▶ _TASK DETAILS_
Exclude the pictures, then repeat exactly each line from the one containing "Handyhülle mit Metallkette" to the final line of the records that follow.

==== RECORDS FOR PROCESSING

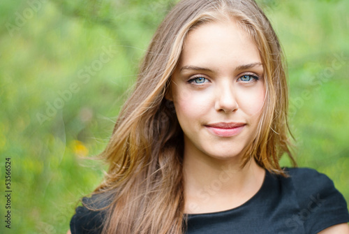 attractive, beautiful, brunette, charming, dress, face, female, feminine, foliage, fresh, fun, girl, gorgeous, grass, green, happy, joyful, laughing, nature, outdoors, park, portrait, pretty, smile, smiling, summer, teenage, woman, young, youthful
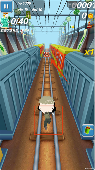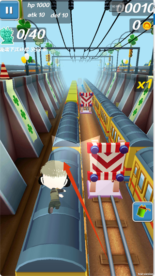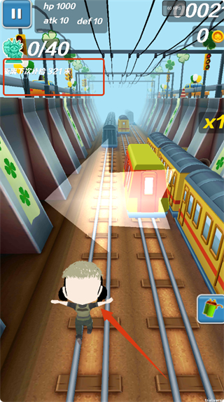 2、在跑酷過(guò)程中,注意前方火車和障礙物,利用左右移動(dòng)避開危險(xiǎn),同時(shí)關(guān)注上方屬性,了解角色狀態(tài)。
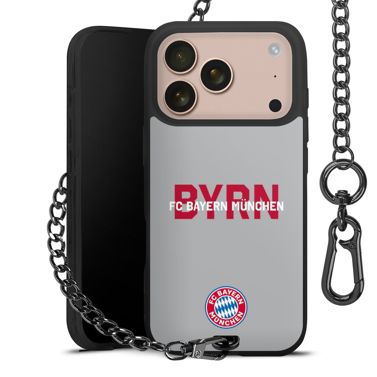 • Mattschwarze Handyhülle mit Metallkette
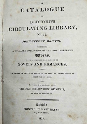 A Catalogue of Bedford’s Circulating Library (Bristol: Mary Bryan, 1817). Chawton House, Acc. No. 1623. |
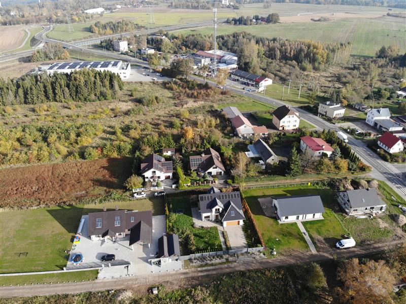 Prąd, woda, gaz i kanalizacja znajdują się w drodze z płyt jumbo – na wysokości ostatniego domu, około 70 metrów od granicy działki.

========

▶ _WRITTEN RESPONSE_
 • Mattschwarze Handyhülle mit Metallkette
 A Catalogue of Bedford’s Circulating Library (Bristol: Mary Bryan, 1817). Chawton House, Acc. No. 1623. |
 Prąd, woda, gaz i kanalizacja znajdują się w drodze z płyt jumbo – na wysokości ostatniego domu, około 70 metrów od granicy działki.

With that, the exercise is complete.